Repeat only the lines below that run from the line with "Baldor Reliance Severe" to the line with "1月7日下午,汽车与航空学院", ends included; skip every picture.

■ **RECORDS TO USE**:

▼

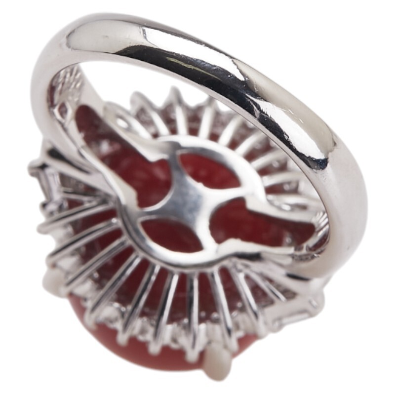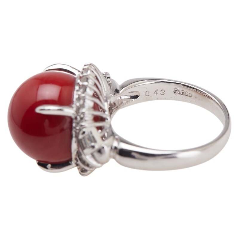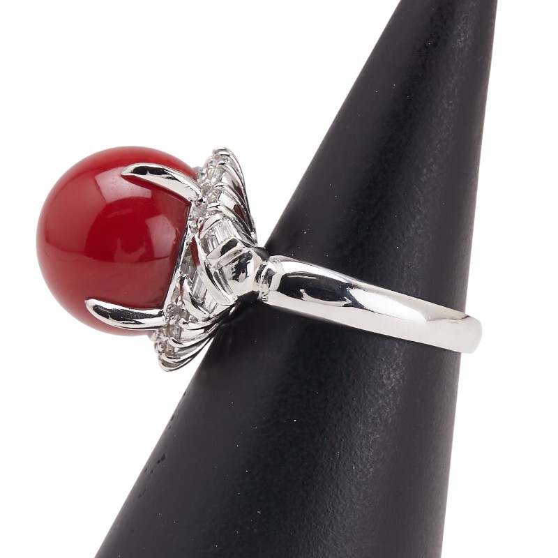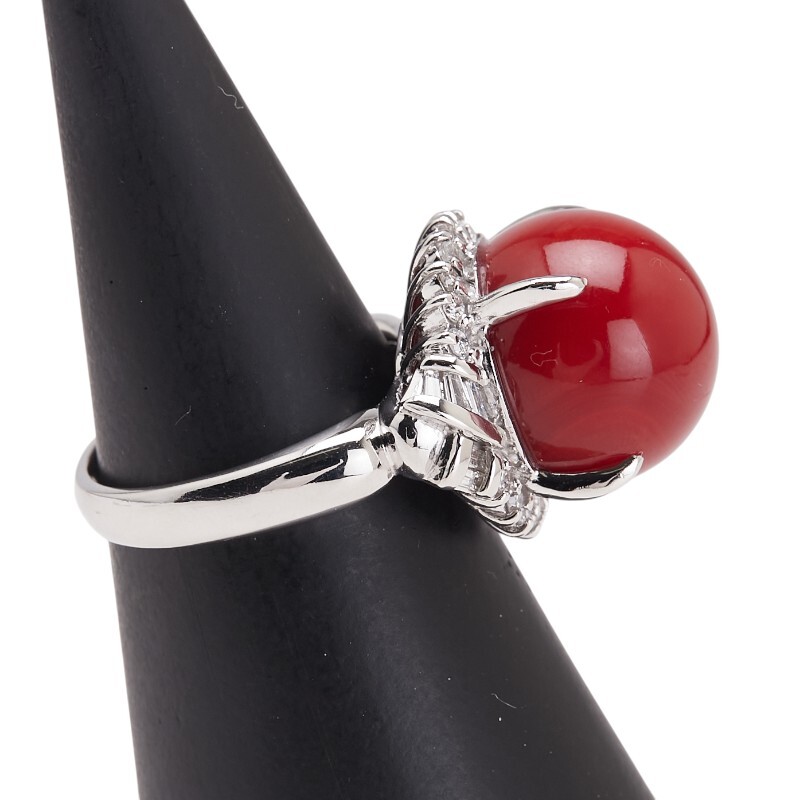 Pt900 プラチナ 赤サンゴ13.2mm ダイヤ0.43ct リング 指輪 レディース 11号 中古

▲
▼

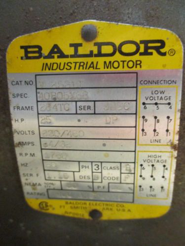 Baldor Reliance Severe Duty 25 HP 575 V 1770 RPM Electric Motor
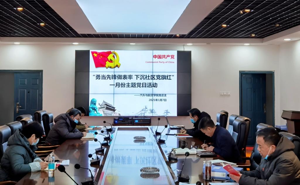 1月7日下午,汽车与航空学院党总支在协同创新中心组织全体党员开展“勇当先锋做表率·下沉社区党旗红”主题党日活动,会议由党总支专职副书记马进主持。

▲

■ **SOLUTION FOR THIS EXERCISE**:
 Baldor Reliance Severe Duty 25 HP 575 V 1770 RPM Electric Motor
 1月7日下午,汽车与航空学院党总支在协同创新中心组织全体党员开展“勇当先锋做表率·下沉社区党旗红”主题党日活动,会议由党总支专职副书记马进主持。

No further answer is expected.